Marching Tetrahedra Implementation
Author(s)Andres Bejarano

Isosurface reconstruction using Marching Tetrahedra implemented in C++ and VTK.

After executing the program a console window will open asking for the isovalue for building the isosurface. Any number can be entered. It is recommended to work with values 100, 140, 150 and 200. Once the marching tetrahedra finishes building the isosurface the system will ask for a shell finding option. Two shell finding options are available: enter 1 for using vtkPolyDataConnectivityFilter (it finds the shells using a VTK filter and shows them with different colors), or enter 2 for a manual isosurface traversal. If option 2 is selected then the system will ask which shell should be displayed (shells will be numbered from 1 to n where n is the number of found shells). This options also displays in the console the number of triangles per shell.

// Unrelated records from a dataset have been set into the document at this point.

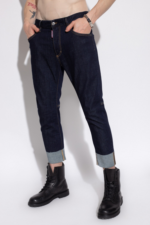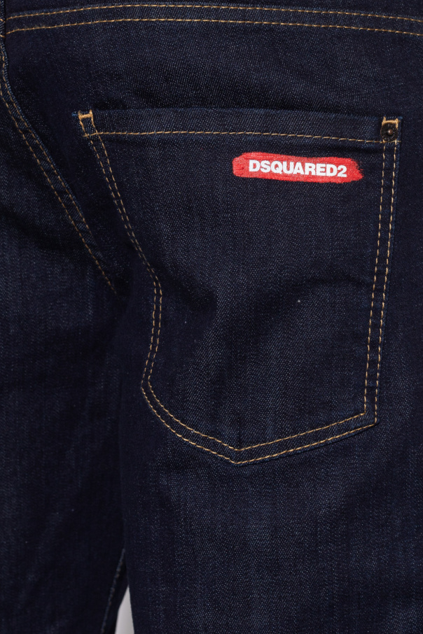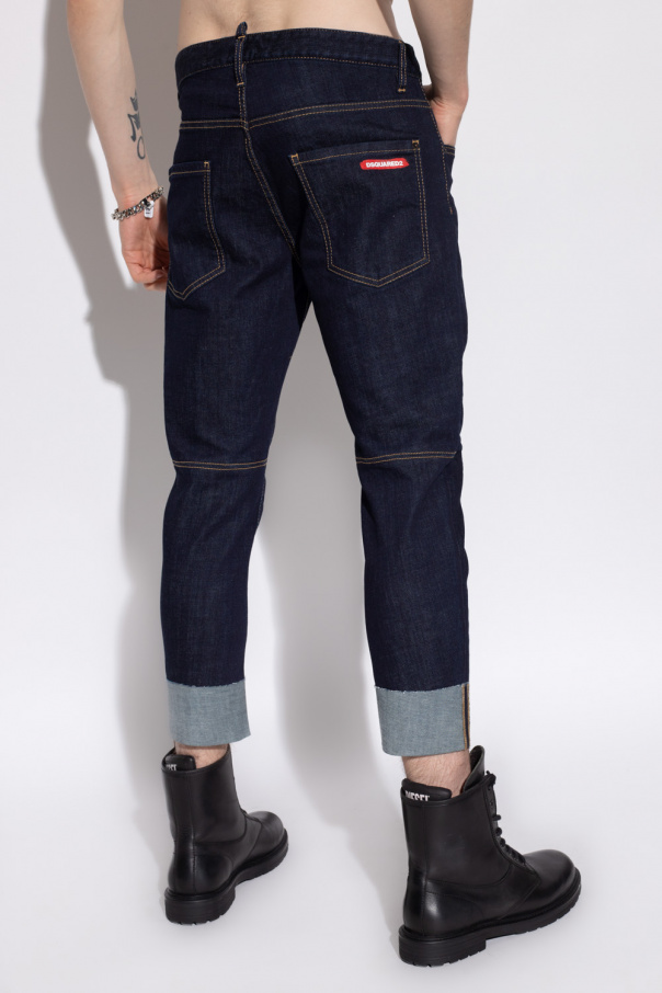 Navy ‘Sailor’ jeans from Dsquared2. Fastened with buttons, this garment features a logo patch, red print, five slip pockets and tapered legs with decorative trims.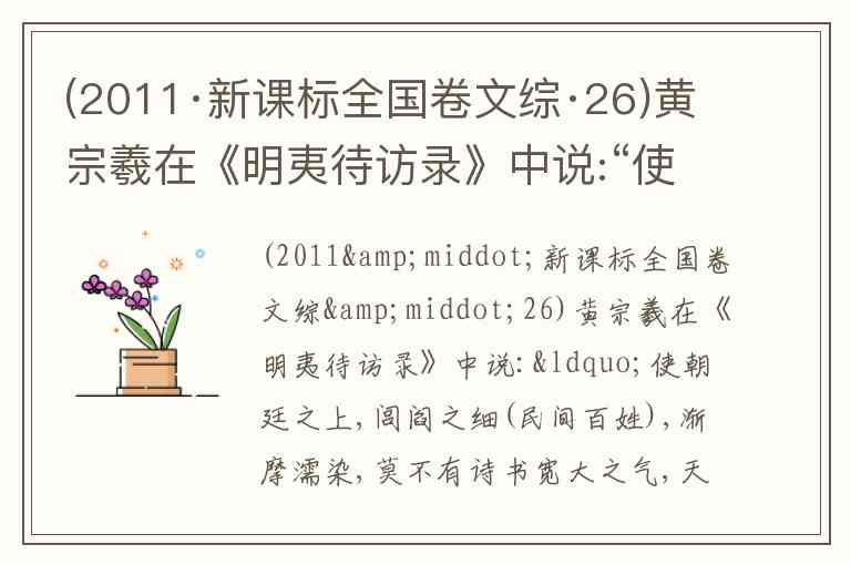 (2011·新课标全国卷文综·26)黄宗羲在《明夷待访录》中说:“使朝廷之上,闾阎之细(民间百姓),渐摩濡染,莫不有诗书宽大之气,天子之所是未必是,天子之所非未必非,天子亦遂不敢自为非是,而公其非是于学校。”与这一论述的精神实质最为接近的是( ) A. 天下兴亡,匹夫有责 B. 民为邦本 C. 天下为公 D. 民贵君轻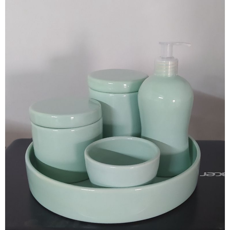 kit Higiene Bebê Porcelana Verde Band Redonda Verde 05 Peças.
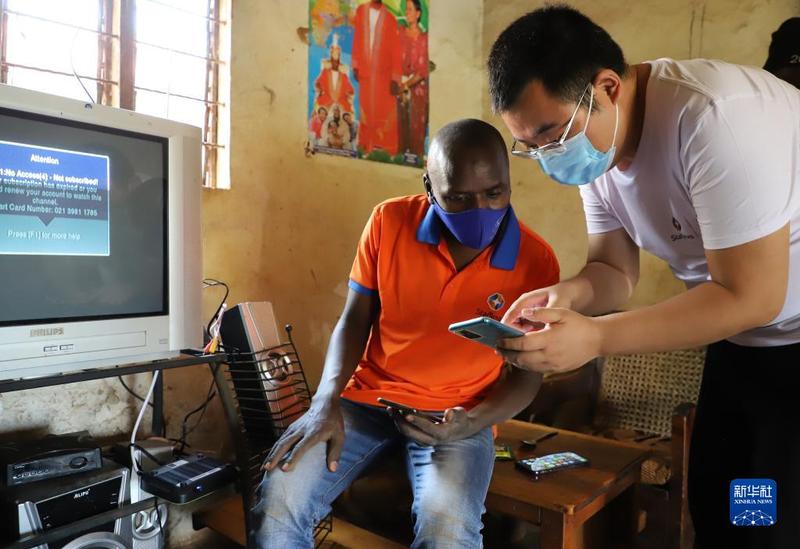 9月10日,在乌干达中部瓦基索区的布韦伦加村,技术人员安装调试数字电视设备。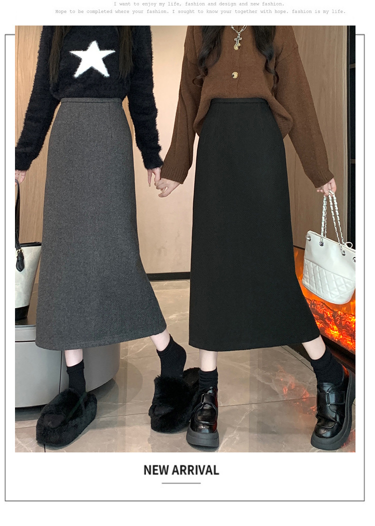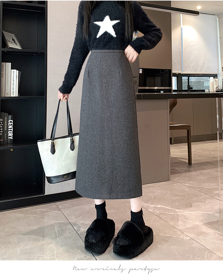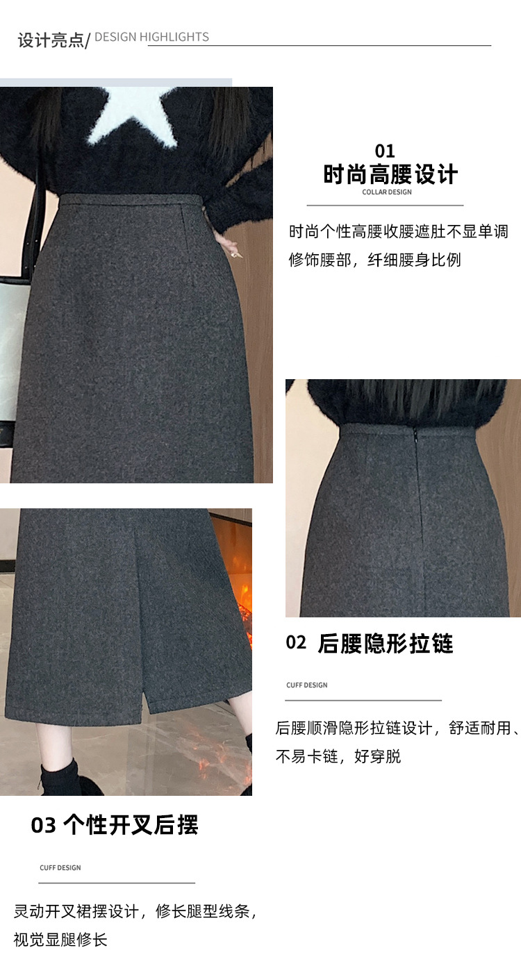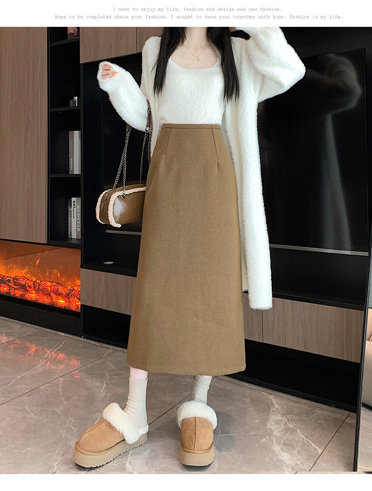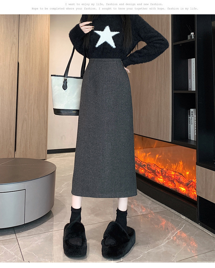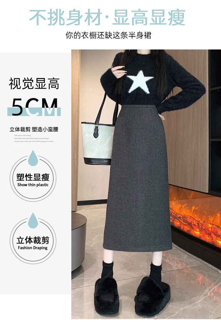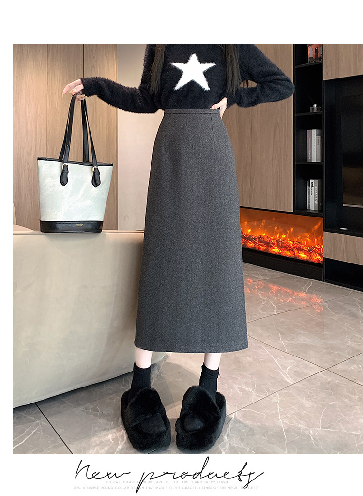 레트로 패딩 트위드 스커트 여성 가을과 겨울 한국 중장 엉덩이 원스텝 스커트 스플릿 A 라인 스커트 도매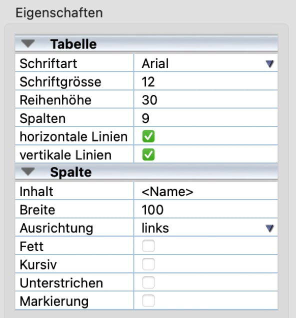 In dem Beispiel ist die zweite Spalte mit dem Eintrag „Name“ aktiviert (erkennbar am grünen Streifen über der Spalte in der Mustertabelle) und man sieht die Eigenschaften der Tabelle und die speziellen Eigenschaften der aktuellen Spalte.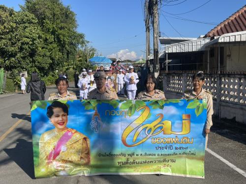 พช.ดอยสะเก็ด จัดพิธีอัญเชิญเงินพระราชทานขวัญถุงกองทุนแม่ของแผ่นดิน ประจำปี 2568 บ้านโพธิ์ทองเจริญ หมู่ที่ 2 ตำบลเชิงดอย อำเภอดอยสะเก็ด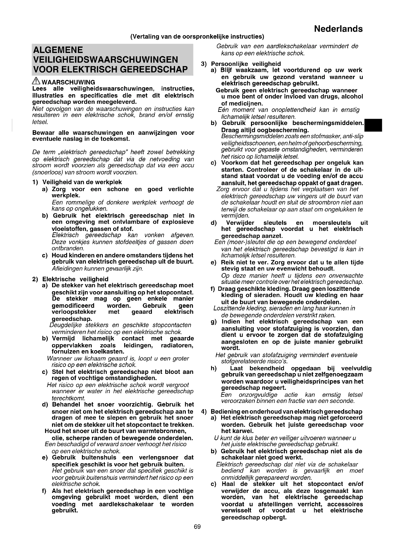 WAARSCHUWING Lees alle veiligheidswaarschuwingen, instructies, illustraties en specifi caties die met dit elektrisch gereedschap worden meegeleverd. Niet opvolgen van de waarschuwingen en instructies kan resulteren in een elektrische schok, brand en/of ernstig letsel. Bewaar alle waarschuwingen en aanwijzingen voor eventuele naslag in de toekomst. De term „elektrisch gereedschap” heeft zowel betrekking op elektrisch gereedschap dat via de netvoeding van stroom wordt voorzien als gereedschap dat via een accu (snoerloos) van stroom wordt voorzien.

A cube is subdivided into 6 tetrahedra, all of them having one diagonal in common. This approach avoids ambiguities while building the isosurface. Values between tetrahedron edges are calculated using inverse linear interpolation for the right parameter and then using linear interpolation for the 3D coordinates of the middle point. In some cases the interpolated points are reduced to a single point, such situation occurs when the value associated to a vertex is equal to the given isovalue, making the nominator in the inverse linear interpolation equal to zero. Such degenerate triangles are not considered for the isosurface reconstruction. For generating the shells an initial triangle is selected and it is asked for its neighbors (two triangles are neighbors if they have a common vertex).

The process is repeated for each neighboring triangle until all reachable triangles are visited. If there is any non-visited triangle left then the process is repeated using such triangle as the initial one. The number of obtained shells using this approach can be contrasted with the shells obtained by the vtkPolyDataConnectivityFilter object.

The program requires VTK. Please download it, compile and install before running this program.